220 S.W. 176 | Tex. App. | 1920
This action was brought by D. A. Phillips, and his wife, Mrs. D. A. Phillips, against McKay, to cancel an oil lease on the south one-half of a 200-acre tract in Clay county. It is alleged that D. A. Phillips and H. W. Phillips executed the lease. The ground for cancellation is that there was no consideration for the lease and that it was an option, unilateral and void. It is alleged that it is void on the ground that it was the homestead of D. A. Phillips and wife and that Mrs. D. A. Phillips did not sign the lease. H. W. Phillips is not made a party to the suit, either as plaintiff or defendant. The instrument shows to have been executed by D. A. Phillips and H. W. Phillips, and the facts in the record show that H. W. Phillips owned in fee one-third of the land upon which the lease was given, and which lease is sought to be canceled.

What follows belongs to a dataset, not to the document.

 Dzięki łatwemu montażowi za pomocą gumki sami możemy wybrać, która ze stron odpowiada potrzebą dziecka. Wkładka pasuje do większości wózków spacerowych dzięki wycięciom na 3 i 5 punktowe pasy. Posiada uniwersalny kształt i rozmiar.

The court finds that the $1 was paid and that $10 was also paid and deposited to the credit of the plaintiffs in the First National Bank of Bellevue, Tex., as stipulated in the contract, and that plaintiffs tendered into court $11 for the cancellation and deposited it with the clerk. The court finds at the time said lease was executed the plaintiffs, D. A. Phillips and his wife, owned an undivided two-thirds interest in the land described in the lease, and that they occupied the same as a homestead, and have ever since occupied it as such.

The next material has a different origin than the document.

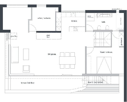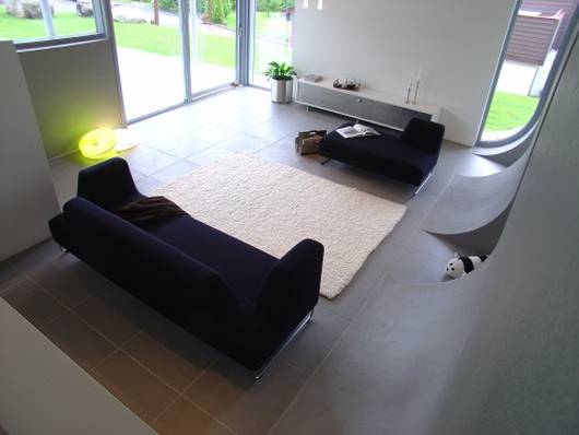 No encontramos motivo aparente que justifique la cocina arriba, a menos que el propietario utilice la planta baja para trabajar. En ese piso existen dos niveles, uno para el vestíbulo, aseo, y cuartos de almacenamiento. En el otro hay una sala, y dos pequeñas habitaciones, siendo difícil adivinar su función. Debido al desnivel de planta baja, la sala principal es la zona con mayor altura libre de toda la vivienda.

Without discussing other matters, we think the seventeenth assignment of error should be sustained, because it is shown by the petition and the evidence, together with the contract itself, that H. W. Phillips, the son of the plaintiffs, was a grantor in the contract, and was interested in the result of the suit, and was a necessary party, and that the judgment was erroneous in canceling the lease because of such fact. H. W. Phillips had such an interest in the subject-matter of the litigation as made him an indispensable party to a cancellation of the lease, and the court should not have entered the decree, when it was apparent that it could not definitely settle the rights of the parties interested in the subject-matter of the litigation. We therefore think there was error in the judgment of the court in canceling this lease upon the ground stated by us. Needham v. Cooney, 173 S.W. at page 983(13); Barlow v. Linss,
We have concluded not to discuss the other issues in this case, as we believe the case should be reversed, in order that necessary parties be made to the action.
*177The case will therefore be reversed and remanded.